Try it → Leave the images aside and repeat the whole listing exactly.

Input data →
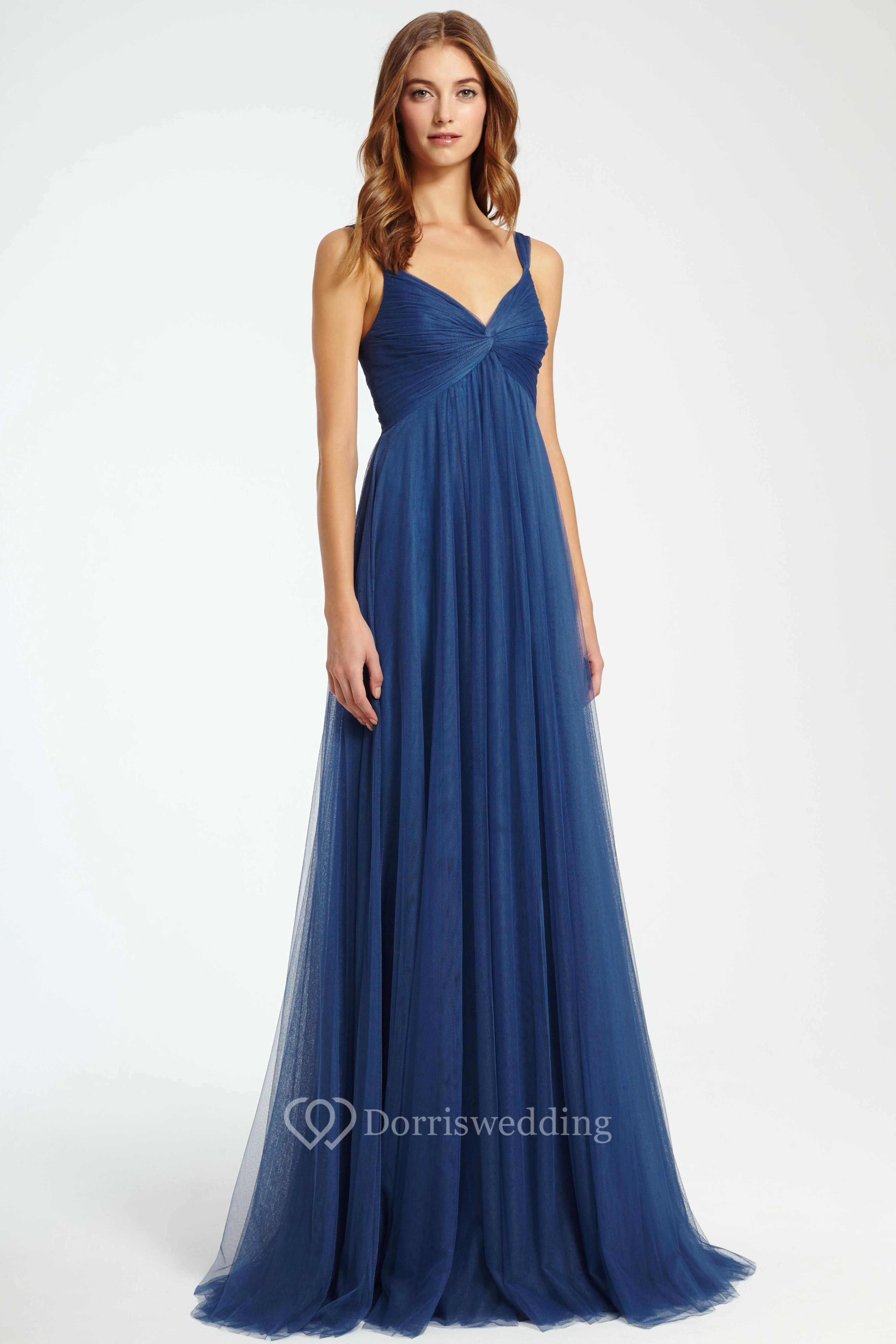Empire Sleeveless Strapped Ruched Tulle Bridesmaid Dress With Pleats
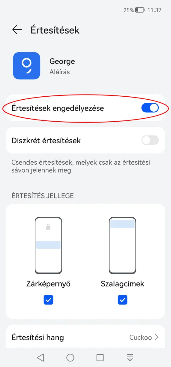 Ha a fentiek elvégzése után még mindig nem kapod meg a George App értesítést (push üzenetet), indítsd újra a telefonod, hogy frissüljenek a beállítások!
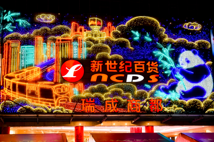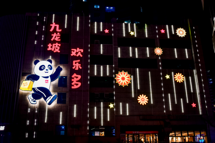 ▲杨家坪步行街,熊猫主题灯饰与“九龙坡 欢乐多”字样的灯组扮靓街头。

Solved problem →
Empire Sleeveless Strapped Ruched Tulle Bridesmaid Dress With Pleats
 Ha a fentiek elvégzése után még mindig nem kapod meg a George App értesítést (push üzenetet), indítsd újra a telefonod, hogy frissüljenek a beállítások!
 ▲杨家坪步行街,熊猫主题灯饰与“九龙坡 欢乐多”字样的灯组扮靓街头。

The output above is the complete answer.